Member of Parliament for Digby and Annapolis
- In office December 1921 – September 1925
- Preceded by: Avard Longley Davidson
- Succeeded by: Harry Short

Personal details
- Born: Lewis Johnstone Lovett 28 August 1867 Kentville, Nova Scotia
- Died: 27 April 1942 (aged 74) Pinehurst, North Carolina
- Party: Liberal
- Spouse: Josephine Troope
- Profession: physician

= Lewis Johnstone Lovett =

Canadian politician

Lewis Johnstone Lovett (28 August 1867 - 27 April 1942) was a Liberal party member of the House of Commons of Canada. He was born in Kentville, Nova Scotia and became a physician.

The son of Henry Lovett and Annie Johnstone, he was at Acadia University and New York University and practised medicine at Bear River in Digby County. In 1896, Lovett married Josephine Troope.

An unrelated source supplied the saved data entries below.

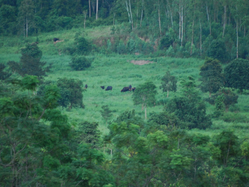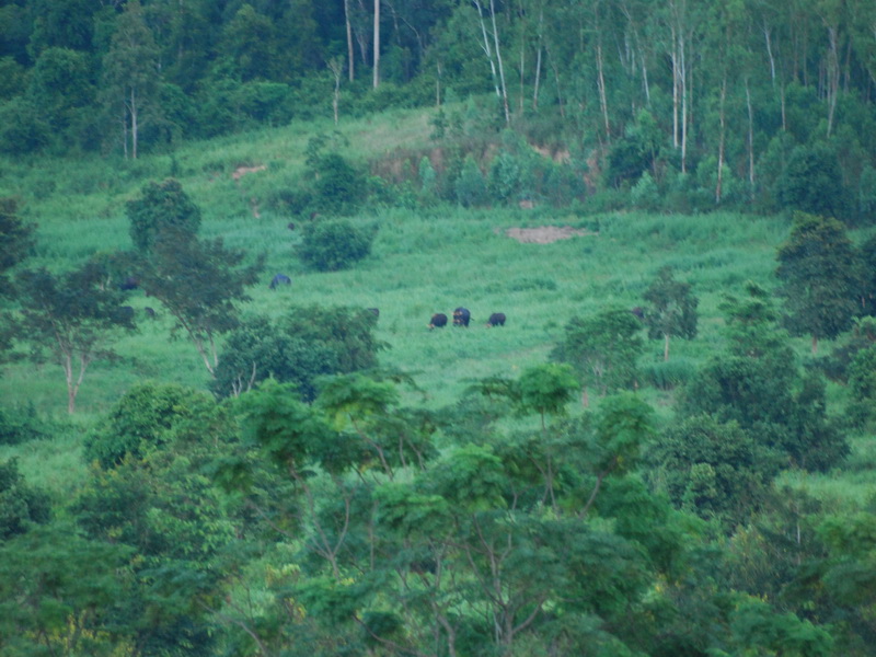 หลังจากซุ่มดูอยู่ประมาณหนึ่งก็เห็นช้างป่าเดินออกมาโชว์ตัวครับ ทำให้มีแววว่ากระทิงจะออกมาให้ดู เนื่องจากตามธรรมชาติช้างป่ากับกระทิงจะหากินอยู่ในบริเวณใกล้เคียงกันครับ แต่เจ้าหน้าที่กำชับว่าต้องเงียบและทิศทางลมเป็นสิ่งสำคัญเนื่องจากกระทิงเป็นสัตว์ที่มีประสาทดมกลิ่นดีมาก หากทางลมพัดจากเราไปหาเขา กระทิงจะหลบไม่ออกมาให้เห็นครับ
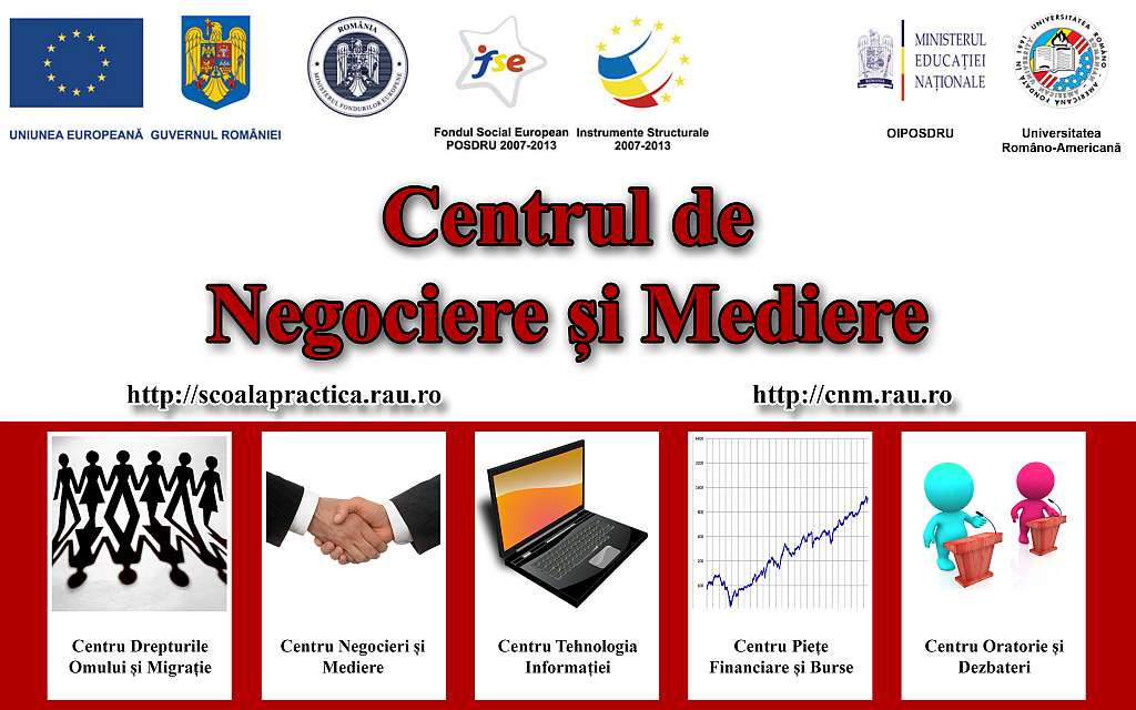 Evenimentul este organizat in cadrul proiectului "SCOALA PRACTICA: Inovare in invatamantul superior si succes pe piata muncii", POSDRU/156/1.2/G/132920, implementat de Universitatea Romano-Americana in colaborare cu Centrul de Resurse Juridice.
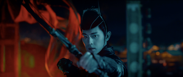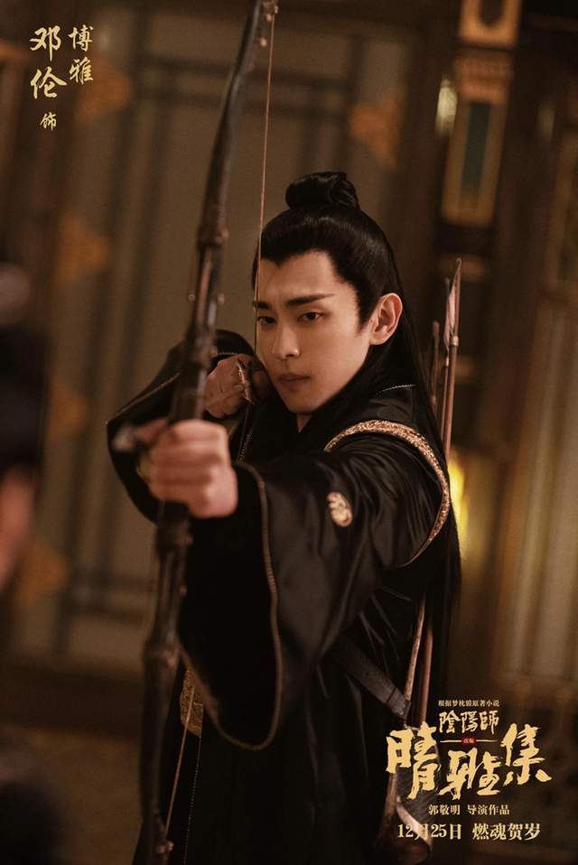 邓伦在这部电影当中饰演武士博雅这个角色,为天都城的百姓,降妖除魔,守护天都城的安宁。一身黑色武士盔甲,手拿杀妖长弓,头戴发簪,聚气凝神的武士造型太过惊艳。
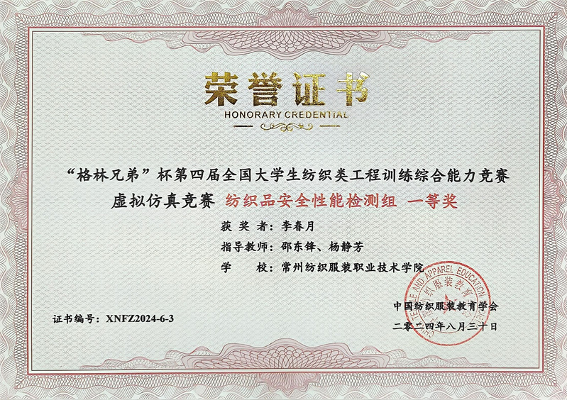 2024年11月,由中国纺织服装教育学会主办,山东科技职业学院、浙江纺织服装职业技术学院等单位共同承办的“格林兄弟”杯第四届全国纺织类大学生工程训练综合能力竞赛颁奖典礼在天津工业大学圆满举行。本次大赛高职赛道吸引了40所院校参与,报名参赛人次达2309。

He was first elected to Parliament at the Digby and Annapolis riding in the 1921 general election after an unsuccessful campaign there as a Laurier Liberal in the 1917 federal election. After serving one term, the 14th Canadian Parliament, Lovett was defeated by Harry Short of the Conservatives in the 1925 federal election. Lovett was also unsuccessful in unseating Short in the 1926 federal election, when the riding became known as Digby—Annapolis.